# Tutorial: Regularization, Model Selection and Evaluation

Tutorial to the class [Regularization, Model Selection and Evaluation](4_regularization_selection_evaluation.ipynb) based on the same case study as in [Tutorial: Supervised Learning Problem and Least Squares](2_tutorial_supervised_learning_problem_ols.ipynb).

<div class="alert alert-block alert-info">
    <b>Tutorial Objectives</b>
    
- Apply regularization methods: ridge and lasso
- Compute and plot validation curves
- Compare $k$-nearest neighbors to linear least squares (OLS)
</div>

## Getting ready

Let us follow the same procedure as in [Tutorial: Supervised Learning Problem and Least Squares](2_tutorial_supervised_learning_problem_ols.ipynb) to import the required modules and read the data.

In [2]:
# Path manipulation module
from pathlib import Path
# Numerical analysis module
import numpy as np
# Formatted numerical analysis module
import pandas as pd
# Plot module
import matplotlib.pyplot as plt

# Set data directory
data_dir = Path('data')

# Set keyword arguments for pd.read_csv
kwargs_read_csv = dict()

# Set first and last years
FIRST_YEAR = 2014
LAST_YEAR = 2019

# Define temperature filepath
temp_filename = 'surface_temperature_merra2_{}-{}.csv'.format(
    FIRST_YEAR, LAST_YEAR)
temp_filepath = Path(data_dir, temp_filename)

# Define electricity demand filepath
dem_filename = 'reseaux_energies_demand_demand.csv'
dem_filepath = Path(data_dir, dem_filename)

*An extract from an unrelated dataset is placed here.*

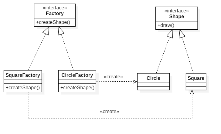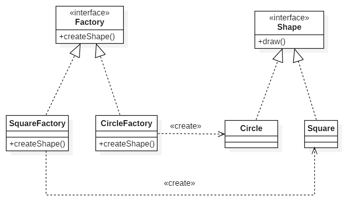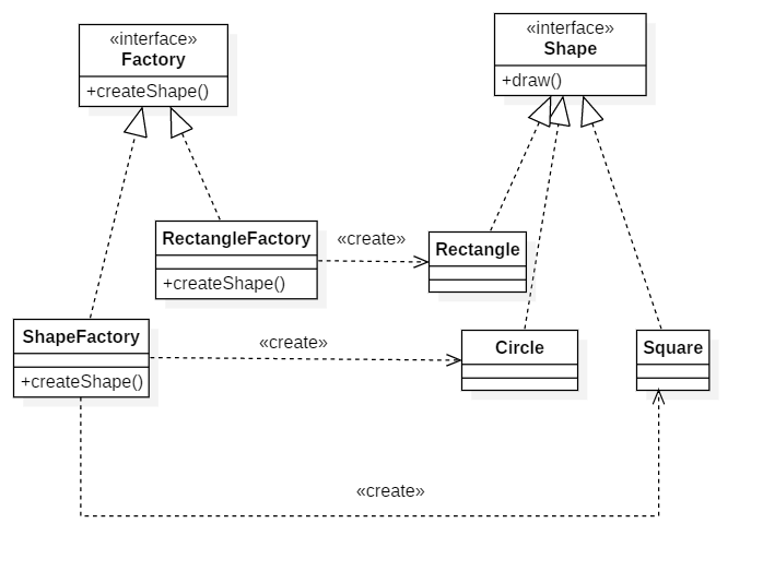 这样的多工厂方式可以用来进行扩展,例如,原来的工厂方法是这样的,现在又来了一个新的需求,需要“生产”三角形,(这个例子在源代码里改也非常简单,但是如果是一个很大的项目,大到很难理清关系,改动源代码是有风险的,所以可以使用符合开闭原则的方式进行扩展)

# Read hourly temperature and demand data averaged over each region
df_temp_hourly = pd.read_csv(temp_filepath, index_col=0, parse_dates=True, header=0)
df_dem_hourly = pd.read_csv(dem_filepath, index_col=0, header=0, parse_dates=True)

# Get daily-mean temperature and daily demand
df_temp = df_temp_hourly.resample('D').mean()
df_dem = df_dem_hourly.resample('D').sum()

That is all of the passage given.